CDPD-64546: Performance: Spark TPCDS Queries are slower in 7.2.18 compared to 7.2.17
Fixed with disabling checksum on the client side while reading data. The read performance is similar as earlier showing no regressions.
CDPD-61564: Spark - Caused by: java.lang.NoClassDefFoundError: org/datanucleus/store/query/cache/QueryCompilationCache
Upgraded datanucleus-core dependency to 5.2.10
CDPD-57535: Revert: CDPD-48171: Temporary workaround pinning snakeyaml to 2.0 not vulnerable to CVE-2022-1471
Reverted back from snakeyaml 2.0. The snakeyaml's Representer constructor has been added back. The other reverted constructors can be found here: https://bitbucket.org/snakeyaml/snakeyaml/commits/3e755d254aeaa902675053047fd53368a175565a/raw
CDPD-58558: Simple DML insert into table via spark3-shell sparks.sql is creating orphan spark_process in atlas
Does not create spark_process entity in case of INSERT INTO ... VALUES ... Only the INSERT INTO ... SELECT ... action may create spark_process entity in Atlas based on these official documentations: https://docs.cloudera.com/cdp-private-cloud-base/7.1.8/atlas-reference/topics/atlas-spark-actions.html https://docs.cloudera.com/runtime/7.2.17/atlas-reference/topics/atlas-spark-actions.html
CDPD-58191: Spark - Upgrade kubernetes library to 5.7.4/5.8.1/5.10.2/5.11.2+ due to CVE-2021-4178
Upgraded kubernetes-client dependency to 5.7.4
CDPD-58080: Backport SPARK-32951 to Spark 2
SPARK-32951 Foldable propagation from Aggregate
CDPD-56594: Lineage (spark_process) is not created for views created on iceberg tables
Added CREATE VIEW lineage support to Spark Atlas Connector for Spark3 which is required for Iceberg tables
CDPD-56342: Upgrade Parquet to 1.12.3 in Spark
Upgraded Parquet dependency to 1.12.3
CDPD-55243: Fix case sensitivity of Iceberg's CachingCatalog
Previously, using inconsistent casing for database and table names of Iceberg tables in queries can lead to Spark reading a stale cached snapshot after a write to the table (append, update, delete) in the same Spark session.

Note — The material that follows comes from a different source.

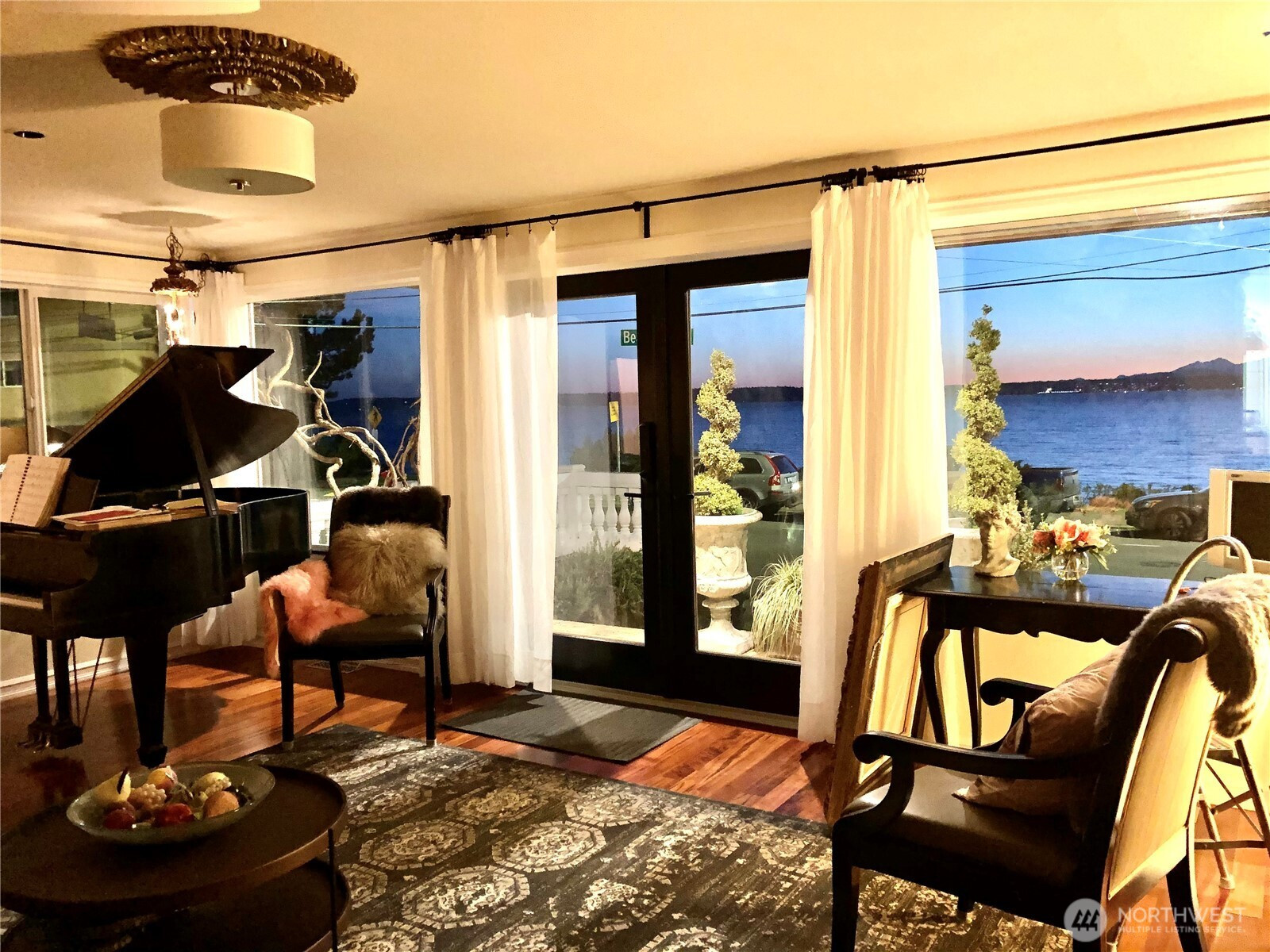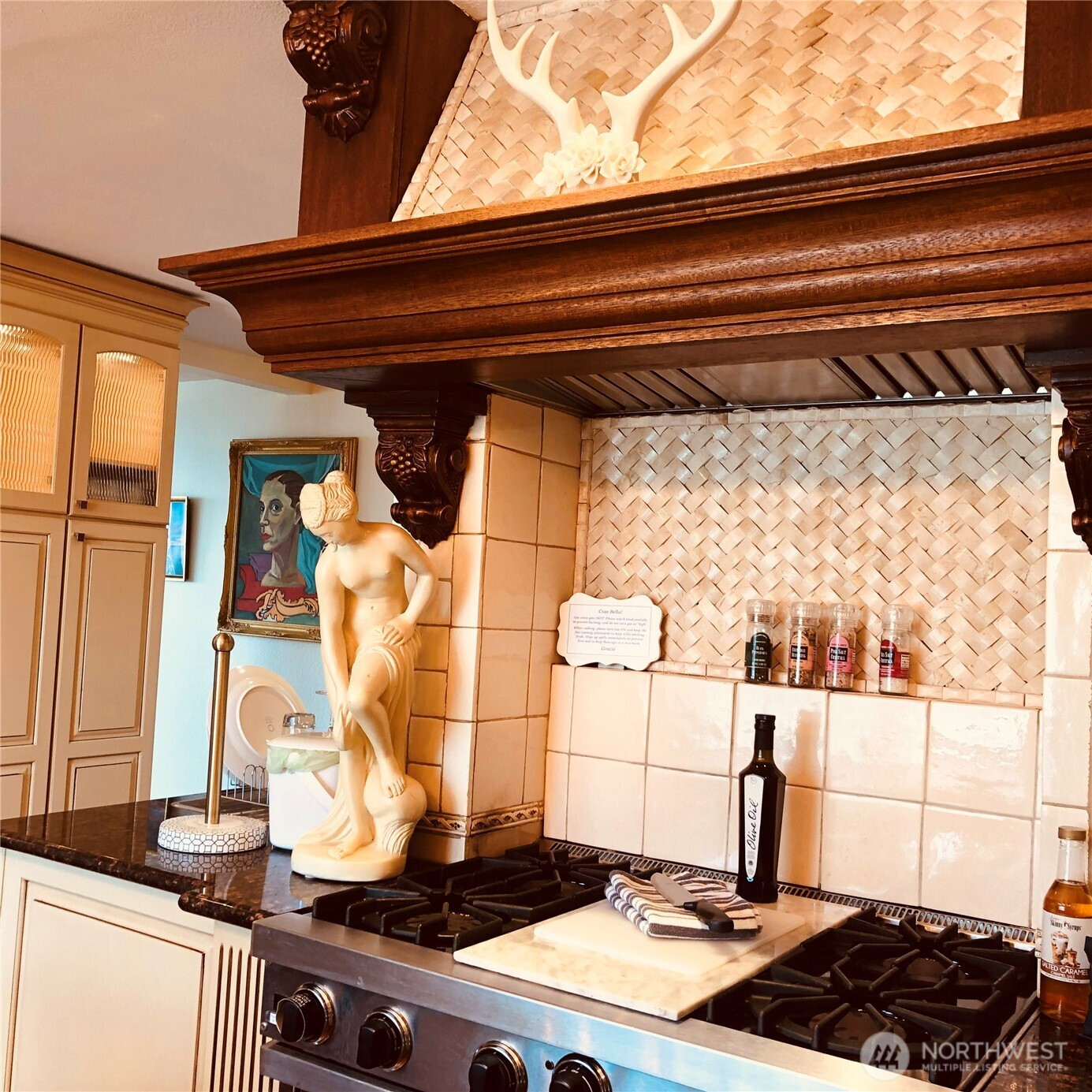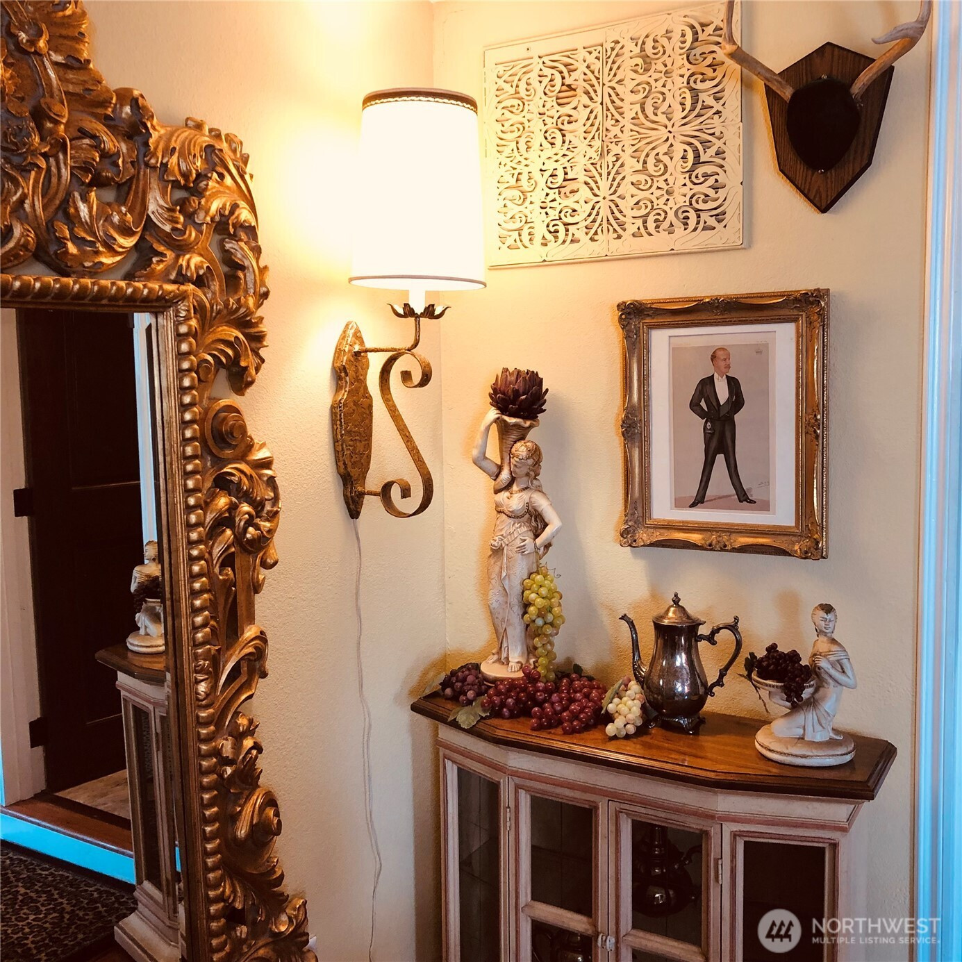 Amazing property, reminiscent of an Italian Villa, w/ protected water views of Puget Sound on Beach Drive. This opulent stone manse presents a once-in-a-lifetime opportunity for lavish living. La Villa Rustica is a palatial residence w/marble floors & fireplace, overflowing with crystal chandeliers & golden flourishes. True chef’s kitchen w/ gas range and all-Viking appliance, classic cabinetry of Provence & stone counters, & built-in professional pizza oven. Main floor office (or 3rd bedroom) w/bedroom suite with sandstone shower worthy of a Roman emperor. Upstairs can be a separate guest suite or an amazing primary suite with marble fireplace, wine bar & stone balcony w/water views. Gracious Italian gardens, fountains & rare 2-car garage.

Now the cache is insensitive to the case of database and table names and is always refreshed on a write in the session.
CDPD-55116: Fix Spark vulnerability CVE-2023-22946
This fix is blacklisting “spark.submit.deployMode” and “spark.submit.proxyUser.allowCustomClasspathInClusterMode” spark configurations in Livy create session REST API. We have added a new Livy configuration “livy.server.session.allow-custom-classpath” to allow custom class path. In order to disable or rollback this fix, we can add “livy.server.session.allow-custom-classpath” as “true” in Livy configuration via the CM safety valve.
CDPD-44454: MAPREDUCE-7432. Make manifest committer default on abfs and gcs stores
MAPREDUCE-7432. Make manifest committer default on abfs and gcs stores
CDPD-44227: Ranger improvement - Roles Import/export API for ranger admin
Add Roles Import/export API for ranger admin

Apache patch information

  • SPARK-46793
  • SPARK-39441
  • SPARK-32951
  • LIVY-975
  • MAPREDUCE-7432